[Stored dataset items]
# # # # # # #

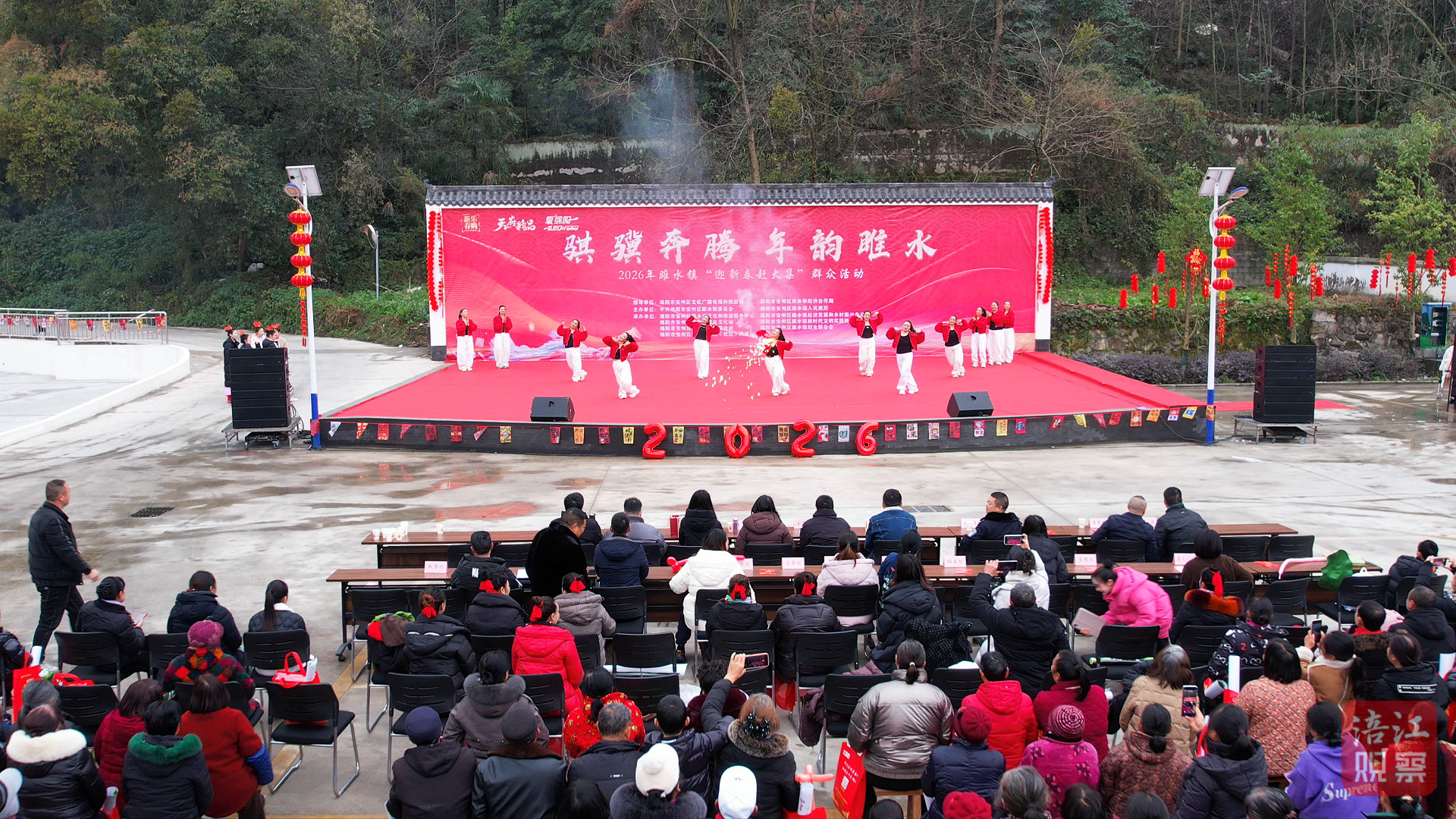 在鹽亭縣黃甸鎮(zhèn),犀牛廣場上鑼鼓喧天、人聲鼎沸,“鄉(xiāng)村大集嘉年華,龍騰馬躍慶新春”2026年春節(jié)主題文化活動在此拉開帷幕。
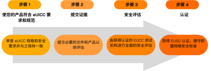 用于eUICCs认证的EU5G应接受EUCC评估。因此,认证流程步骤如下:
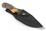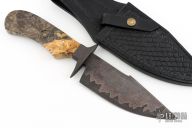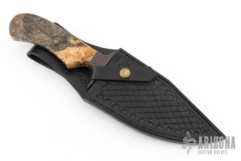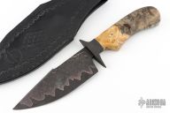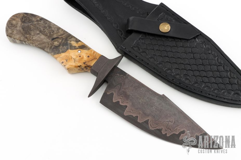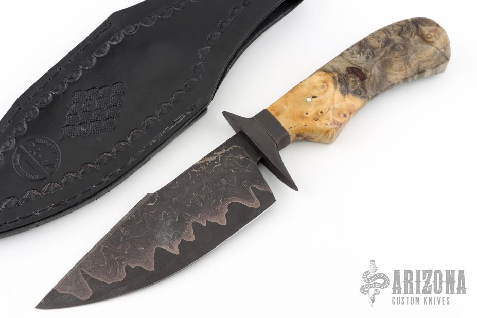 This Bowie by Abril Knives features a Meteorite San-Mai blade (1070/Meteorite) with false top edge, .203" blade stock and 2.063" blade depth, hidden tang construction. The handle has phosphotized 5260 guard, with wood grip with single pin. Comes with hand-tooled leather sheath. Excellent work. New from maker!
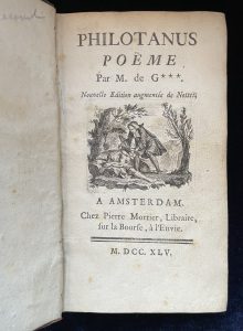 Philotanus. Poëme by M. de G***, Amsterdam, Chez Pierre Mortier, 1745.
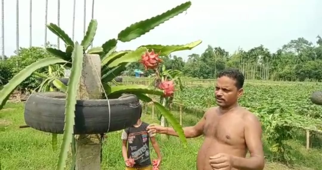 সরকারি চাকুরীর আশায় না থেকে নিজে উদ্যোগী হয়ে বিদেশি প্রজাতির মোরগ, হাঁস এবং ড্রাগন ফলের চাষাবাদ করে বর্তমানে স্বাবলম্বী এক ব্যাক্তি।এই ড্রাগন ফলের চাষাবাদ, বিদেশি প্রজাতির মোরগ এবং হাঁস প্রতিপালন করে নিজের সংসার ধর্ম যেমন প্রতিপালন করছেন তেমনি ভবিষ্যতের জন্য অর্থরাশীও সাশ্রয় করতে পারছেন। ওই ব্যাক্তিটি হলেন তেলিয়ামুড়া মহকুমার ঘীলাতলি এলাকার বাসিন্দা অজিত দাস। এই চাষাবাদ এবং নিজ উদ্যোগী হওয়ার প্রসঙ্গ টেনে চাষী অজিত দাস জানান,,, প্রায় দেড় বছর পূর্বে নিজ উদ্যোগে ড্রাগন ফলের চাষাবাদ শুরু করেছিলেন তিনি। সেইসঙ্গে বিদেশি প্রজাতির মোরগ এবং হাঁস ও পালন শুরু করেন তিনি। প্রায় দেড় বছর পেরিয়ে বর্তমানে তিনি যেমন লাভের মুখ দেখতে পাচ্ছেন তেমনি সংসার ও অনায়াসে প্রতি পালন করছেন। সরকারি চাকুরীর আশায় না থেকে তিনি নিজেই উদ্যোগী হয়ে এই পদক্ষেপ গ্রহণ করে বেশ সাফল্য পেয়েছেন বলে জানান অজিত দাস নামের ওই চাষী। বর্তমানে ওই চাষী রাজ্য প্রশাসনের কাছে আহ্বান জানান ড্রাগন ফল এবং বিদেশি প্রজাতির মোরগ, হাঁস চাষাবাদ ও প্রতি পালনের জন্য বেকার যুবক যুবতীদের যাতে উৎসাহিত করেন।
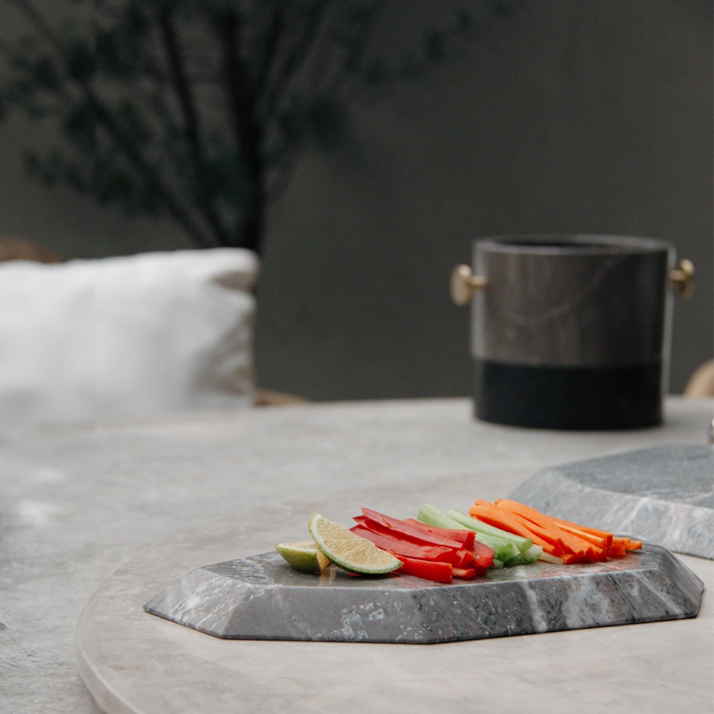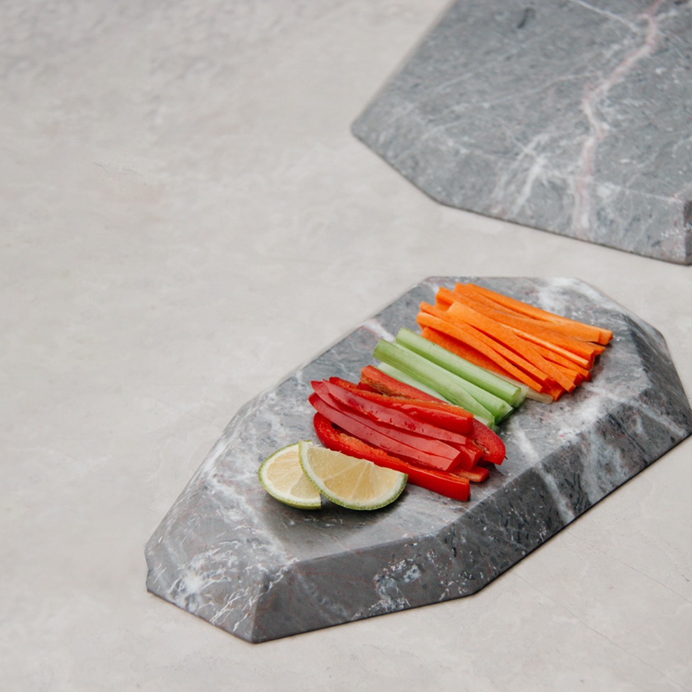 TABLA ASIMÉTRICA EN MÁRMOL GRIS TEPEACA CON ACABADO SEMI-MATE DE 17 X 28 CM. (INCLUYE UN CUCHILLO DE ACERO INOXIDABLE CON MANGO DE MADERA)
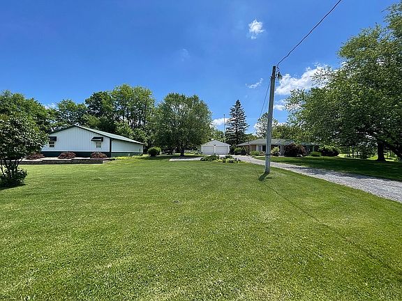 Over 2 acres of quiet country property with lots of trees and wildlife around you. Yet only 5 minutes to Angola. A Large pole building/office/shop, and 2 - detached two-car garages. Golden Lake is just down the road to enjoy fishing and boating. This country setting is on a wooded lot with shrubs and flowers and within the Angola School District. The views are fantastic with rolling farm fields and woods nearby. This all-electric home has 2 bedrooms and 1 and 1/2 baths. All the appliances come with the sale including a wood burner stove, fireplace, and central air conditioning! Plenty of room for storage with 2 detached garages, 2 utility sheds, and a large pole barn. The large vegetable garden is perfect for growing your own and canning just about anything. The property has several apple trees on a peaceful, country setting. Cash or conventional financing only. AS IS.
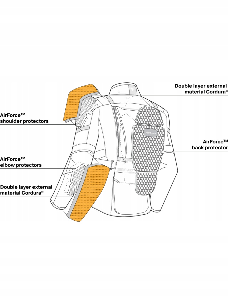 Kurtka Shima Hero 2.0 sprawia, że podróżowanie motocyklem będzie komfortowe o każdej porze roku. Została wyposażona w wypinaną podpinkę ocieplającą, która zapewnia ochronę przed zimnem. W upalne dni, ważna jest odpowiednia cyrkulacja powietrza, dlatego kurtkę motocyklową Hero 2.0 zaopatrzono w regulowane przy pomocy zamków panele wentylacyjne. Problemu nie będą stanowić także deszczowe warunki pogodowe, gdyż konstrukcję wzbogacono o oddychającą membranę NextDry. Ochraniacze barków, łokci i pleców, w kooperacji z elementami odblaskowymi, a także wzmocnieniami z odpornego na ścieranie materiału Cordura, zapewniają wysoki poziom bezpieczeństwa podczas jazdy motocyklem. Zastosowane protektory posiadają certyfikat CE, co oznacza, że zostały opracowane według europejskich norm bezpieczeństwa. Wymieniając walory modelu Hero 2.0, należy zwrócić uwagę na elastyczne panele. Ich głównym zadaniem jest maksymalizacja swobody ruchów, co przekłada się również na komfort noszenia. Kieszenie cargo, a także umieszczona w wewnętrznej części kurtki kieszeń wodoodporna, dają możliwość zabrania ze sobą najpotrzebniejszych rzeczy w podróż motocyklową. Kurtka wraz ze spodniami Shima Hero 2.0 tworzy wydajny komplet odzieży motocyklowej na każde warunki pogodowe. Oba elementy można w wygodny sposób spiąć za pomocą długiego suwaka 360 stopni.

# # # # # # #

## Aim of the task
All of the data above needs to be retyped exactly, with the pictures removed.

## Reply to the task
 在鹽亭縣黃甸鎮(zhèn),犀牛廣場上鑼鼓喧天、人聲鼎沸,“鄉(xiāng)村大集嘉年華,龍騰馬躍慶新春”2026年春節(jié)主題文化活動在此拉開帷幕。
 用于eUICCs认证的EU5G应接受EUCC评估。因此,认证流程步骤如下:
 This Bowie by Abril Knives features a Meteorite San-Mai blade (1070/Meteorite) with false top edge, .203" blade stock and 2.063" blade depth, hidden tang construction. The handle has phosphotized 5260 guard, with wood grip with single pin. Comes with hand-tooled leather sheath. Excellent work. New from maker!
 Philotanus. Poëme by M. de G***, Amsterdam, Chez Pierre Mortier, 1745.
 সরকারি চাকুরীর আশায় না থেকে নিজে উদ্যোগী হয়ে বিদেশি প্রজাতির মোরগ, হাঁস এবং ড্রাগন ফলের চাষাবাদ করে বর্তমানে স্বাবলম্বী এক ব্যাক্তি।এই ড্রাগন ফলের চাষাবাদ, বিদেশি প্রজাতির মোরগ এবং হাঁস প্রতিপালন করে নিজের সংসার ধর্ম যেমন প্রতিপালন করছেন তেমনি ভবিষ্যতের জন্য অর্থরাশীও সাশ্রয় করতে পারছেন। ওই ব্যাক্তিটি হলেন তেলিয়ামুড়া মহকুমার ঘীলাতলি এলাকার বাসিন্দা অজিত দাস। এই চাষাবাদ এবং নিজ উদ্যোগী হওয়ার প্রসঙ্গ টেনে চাষী অজিত দাস জানান,,, প্রায় দেড় বছর পূর্বে নিজ উদ্যোগে ড্রাগন ফলের চাষাবাদ শুরু করেছিলেন তিনি। সেইসঙ্গে বিদেশি প্রজাতির মোরগ এবং হাঁস ও পালন শুরু করেন তিনি। প্রায় দেড় বছর পেরিয়ে বর্তমানে তিনি যেমন লাভের মুখ দেখতে পাচ্ছেন তেমনি সংসার ও অনায়াসে প্রতি পালন করছেন। সরকারি চাকুরীর আশায় না থেকে তিনি নিজেই উদ্যোগী হয়ে এই পদক্ষেপ গ্রহণ করে বেশ সাফল্য পেয়েছেন বলে জানান অজিত দাস নামের ওই চাষী। বর্তমানে ওই চাষী রাজ্য প্রশাসনের কাছে আহ্বান জানান ড্রাগন ফল এবং বিদেশি প্রজাতির মোরগ, হাঁস চাষাবাদ ও প্রতি পালনের জন্য বেকার যুবক যুবতীদের যাতে উৎসাহিত করেন।
 TABLA ASIMÉTRICA EN MÁRMOL GRIS TEPEACA CON ACABADO SEMI-MATE DE 17 X 28 CM. (INCLUYE UN CUCHILLO DE ACERO INOXIDABLE CON MANGO DE MADERA)
 Over 2 acres of quiet country property with lots of trees and wildlife around you. Yet only 5 minutes to Angola. A Large pole building/office/shop, and 2 - detached two-car garages. Golden Lake is just down the road to enjoy fishing and boating. This country setting is on a wooded lot with shrubs and flowers and within the Angola School District. The views are fantastic with rolling farm fields and woods nearby. This all-electric home has 2 bedrooms and 1 and 1/2 baths. All the appliances come with the sale including a wood burner stove, fireplace, and central air conditioning! Plenty of room for storage with 2 detached garages, 2 utility sheds, and a large pole barn. The large vegetable garden is perfect for growing your own and canning just about anything. The property has several apple trees on a peaceful, country setting. Cash or conventional financing only. AS IS.
 Kurtka Shima Hero 2.0 sprawia, że podróżowanie motocyklem będzie komfortowe o każdej porze roku. Została wyposażona w wypinaną podpinkę ocieplającą, która zapewnia ochronę przed zimnem. W upalne dni, ważna jest odpowiednia cyrkulacja powietrza, dlatego kurtkę motocyklową Hero 2.0 zaopatrzono w regulowane przy pomocy zamków panele wentylacyjne. Problemu nie będą stanowić także deszczowe warunki pogodowe, gdyż konstrukcję wzbogacono o oddychającą membranę NextDry. Ochraniacze barków, łokci i pleców, w kooperacji z elementami odblaskowymi, a także wzmocnieniami z odpornego na ścieranie materiału Cordura, zapewniają wysoki poziom bezpieczeństwa podczas jazdy motocyklem. Zastosowane protektory posiadają certyfikat CE, co oznacza, że zostały opracowane według europejskich norm bezpieczeństwa. Wymieniając walory modelu Hero 2.0, należy zwrócić uwagę na elastyczne panele. Ich głównym zadaniem jest maksymalizacja swobody ruchów, co przekłada się również na komfort noszenia. Kieszenie cargo, a także umieszczona w wewnętrznej części kurtki kieszeń wodoodporna, dają możliwość zabrania ze sobą najpotrzebniejszych rzeczy w podróż motocyklową. Kurtka wraz ze spodniami Shima Hero 2.0 tworzy wydajny komplet odzieży motocyklowej na każde warunki pogodowe. Oba elementy można w wygodny sposób spiąć za pomocą długiego suwaka 360 stopni.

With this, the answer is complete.